---
title: "Beijing Olympics - Data cleaning"
format: html
---
# Data Cleaning and Summarization Module

In this document, you will be lead through cleaning one of the two data sets associated with the medal counts at the Beijing Olympics. Then, for the other data set, you will be asked to clean it using similar functions. Finally, you will investigate how to combine the two data sets together.

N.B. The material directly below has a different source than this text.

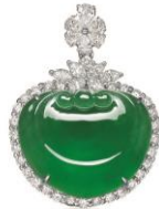
Natural Jadeite 'Ruyi' and Diamond Pendant Est. HK$ 120,000–180,000 / US$ 15,500–23,500

## 1. Loading in a dataset
```{r}
#| output: false
# These are the necessary packages to load in a csv file. Tidyverse contains many different packages that we will be using in this module.
library(tidyverse)
library(here)
```

How to load in csv files into a data frame.
```{r}
#| output: false
athletes <- read_csv("https://github.com/SCOREnetworkorg/sports-data-repository/raw/main/data/beijing_athletes.csv")
medals <- read_csv("https://github.com/SCOREnetworkorg/sports-data-repository/raw/main/data/beijing_medals.csv")
```

## 2. Data Cleaning
Firstly, lets look at an example of what the data looks like starting with the medals data set.
```{r}
View(medals)
```

The first thing that has to be adjusted is the medal_code data and the athlete_sex data. Currently, the data type is a double and character respectively, but it should really be a factored datatype with 3 levels. To do this, we can take advantage of the forcats and dplyr packages in tidyverse.

```{r}
medalsTidy <- 
  medals |>
  mutate(medal_code = as_factor(medal_code),
         athlete_sex = as_factor(
           case_when(
             athlete_sex == 'M' ~ 'M',
             athlete_sex == 'W' ~ 'W',
             .default = 'O'
             )
           )
         )
# mutate allows you to adjust variables in the data set
```

We should also change the medal_date data type as it currently holds minutes that as shown previously are all 0. To do this we will take advantage of the strftime function and the lubridate package. 

```{r}
medalsTidy <-
  medalsTidy |>
  mutate(medal_date = strftime(medal_date,
                               format = '%Y-%m-%d')) |>
  mutate(medal_date = as_date(medal_date))
```

Another good step to take might be to get rid of the athlete_short_name, and then to separate athlete_name into a first name and last name variable.
```{r}
medalsTidy <-
  medalsTidy |>
  select(-athlete_short_name)
```

```{r}
medalsTidy <-
  medalsTidy |>
  separate(athlete_name,
           sep = '^\\S*\\K\\s+',
           into = c('last_name', 'first_name'))
```

Next, we should get rid of some variables that aren't necessary to include. Such as things like athlete_link, country code for simplification, and discipline code as it will be hard to interpret what the discipline is from the code. We can do this with the select function in dplyr. Lets also change ROC to Russian Olympic Committee so as to be the official name.
```{r}
medalsTidy <-
  medalsTidy |>
  select(-(c('athlete_link', 'discipline_code', 'country_code'))) |>
  mutate(country = ifelse(country == 'ROC', 'Russian Olympic Committee', country))
```

Here is what our cleaned data set now looks like.
```{r}
knitr::kable(head(medalsTidy))
```

### Exercise 1
See if you can apply some of these techniques shown above to the athletes data set. Here is a list of what you should do.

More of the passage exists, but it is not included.